RESULTS AND DISCUSSIONS

Characterization of Corn Oil Surface in Air and in Water Using SFG

Before we present the results on interactions of proteins and surfactants at the corn oil interfaces, we first characterized the corn oil surface in air and in water to gain fundamental understanding of its surface properties. The corn oil thin films on solid substrates prepared as described above were used in this study.
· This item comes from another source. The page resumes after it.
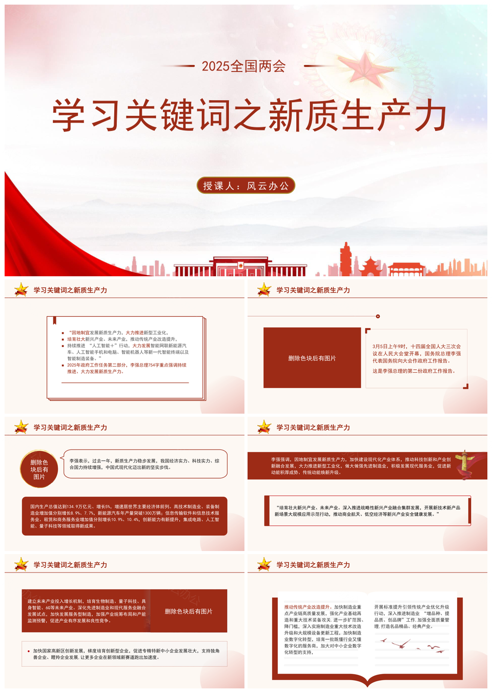 2025教学课件红色聚焦两会政府工作报告PPT模板

SFG spectra were successfully collected from both the corn oil/air interface and the corn oil/deionized water interface. For the sake of convenience, we will refer to these interfaces simply as oil/air and oil/water (and oil/zein for corn oil/zein protein solution interface below). It is noteworthy to mention that the corn oil sample from BASF was prepared by separating the corn oil from the corn syrup mixture at BASF, and we directly spin-coated such corn oil solution in toluene on a solid substrate to prepare the corn oil thin film surface. The corn syrup from BASF contains zein proteins, therefore likely some zein protein molecules that interacted strongly with corn oil in the corn syrup were still present in the corn oil sample. Some zein protein residues thus might be present at various interfaces of corn oil which we investigated in this research. We will address this issue further in the following discussions.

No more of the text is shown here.